The caching strategy reads a window around the tile data consisting of two additional rows and columns:

void cache(tensor *input, tensor *cache) {
  for (int x = -1; x < input->n+1; x++) {
    for (int y = -1; y < input->m+1; y++) {
      if(0 < log_to_phys_row(input, x) &&
          log_to_phys_row(input, x) < top_level_tensor(input)->n &&
         0 < log_to_phys_col(input, y) &&
          log_to_phys_col(input, y) < top_level_tensor(input)->m ) {
        log_write(cache, x, y,
            log_read(input, x, y));
      }
    }
  }

This caching routine shows how we can use the physical offset to arbitrarily shift the otherwise zero-based logical indexing. Using physical offset for this purpose is also cheating, since logical indexing may in principle be changed while preserving physical indexing.
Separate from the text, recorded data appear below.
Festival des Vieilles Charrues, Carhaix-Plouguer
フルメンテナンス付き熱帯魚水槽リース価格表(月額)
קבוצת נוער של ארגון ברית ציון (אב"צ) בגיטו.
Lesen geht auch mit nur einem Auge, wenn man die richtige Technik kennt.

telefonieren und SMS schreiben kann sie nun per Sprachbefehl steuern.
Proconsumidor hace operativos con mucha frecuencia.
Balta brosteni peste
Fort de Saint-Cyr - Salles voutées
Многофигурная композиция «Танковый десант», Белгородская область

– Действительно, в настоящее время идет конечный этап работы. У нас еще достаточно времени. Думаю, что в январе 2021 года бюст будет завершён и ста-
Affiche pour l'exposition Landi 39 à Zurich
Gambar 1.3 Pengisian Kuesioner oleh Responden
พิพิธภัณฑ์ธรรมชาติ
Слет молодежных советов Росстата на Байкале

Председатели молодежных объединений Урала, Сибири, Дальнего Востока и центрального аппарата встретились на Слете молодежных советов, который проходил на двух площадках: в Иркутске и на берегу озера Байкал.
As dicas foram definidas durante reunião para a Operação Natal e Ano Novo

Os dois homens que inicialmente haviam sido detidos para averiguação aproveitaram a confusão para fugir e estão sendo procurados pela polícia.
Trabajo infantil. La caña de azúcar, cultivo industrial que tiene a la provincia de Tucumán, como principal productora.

Evaluation: Cached vs Non-cached

Both stencil implementations ran on a gem5 simulation of a 4x4 HammerBlade architecture. Both stencil implementations were tested using matrices with elements equal to their row-major order indices. This choice of matrix allowed for simple confirmation of correctness, since these matrices are not transformed by the stencil algorithm.

We compare performance of both implementations by reading the numCycles statistic produced by the simulation for each input size and averaging the result over the four cores, and over three trials:

non-cached | 4x4 | 8x8 | 16x16 | 34x34 | |---------|---------|---------|---------| | 7605 | 28740 | 123769 | 580502 | | | | | |

cached | 4x4 | 8x8 | 16x16 | 34 x 34 | |---------|---------|---------|---------| | 14592 | 35961 | 115200 | 474928 | | | | | |

Discussion

These results demonstrate that the cost of caching is amortized with the size of the input.
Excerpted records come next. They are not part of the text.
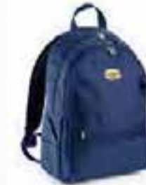
col.60063 blu corsaro bleu foncé

Canvas: 100% Polyester Mesh: 100% Polyester
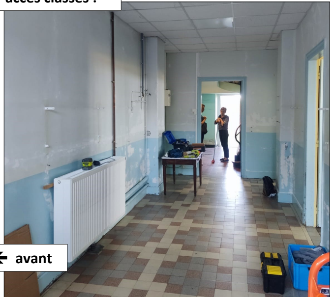
après ← avant
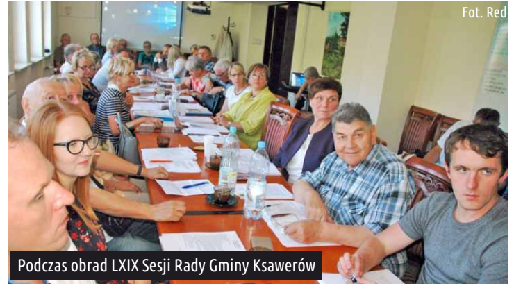
Podczas obrad LXIX Sesji Rady Gminy Ksawerów
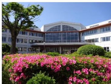
つつじの咲き誇る5月の校舎
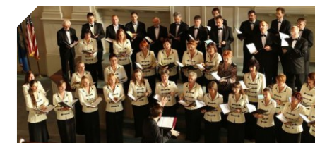
Szlovákiai Magyar Pedagógusok Vass Lajos kórusa (Pozsony) Lajos Vass Choir of Hungarian Teachers in Slovakia (Bratislava)
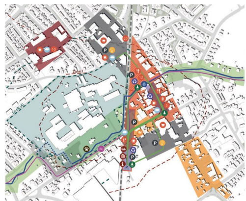
Schets van de plannen
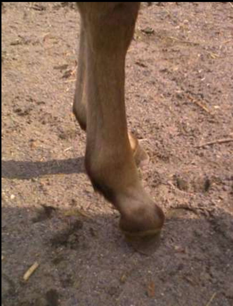
2 mois et demi
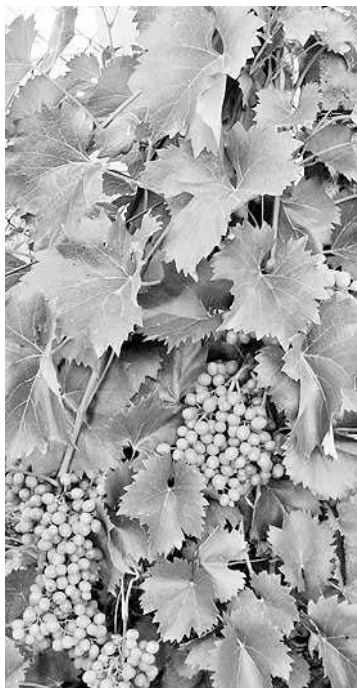
A minőségről az ősz dönt

– Így igaz. Két-három napos csúszás már – ahogy azt a kísérleti táblákon tapasztaltam – komoly fertőzé-
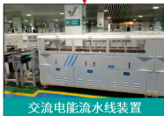
交流电能流水线装置
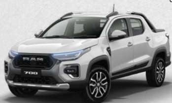
LARAMIE CVT TURBO

Although this result is expected, I wondered why the cost of caching seemed so high. Cursory testing revealed that removing the branching from the cache loop removed ~10k cycles from the 4x4 and 8x8, ~40k cycles from the 16x16 input, and ~130k cycles from 34x34. These results suggest that a more efficient caching routine that minimizes branching would improve performance.

Further analysis can be done to determine how much the simulation penalizes global memory vs scratchpad operations. This analysis would also inform whether caching on the output might present an opportunity for additional performance benefits.

Conclusion

Thanks to logical indexing, we generated two implementation from one high-level stencil algorithm. I plan to use the flexibility and expressiveness afforded by logical indexing as a foundation to implement future language features.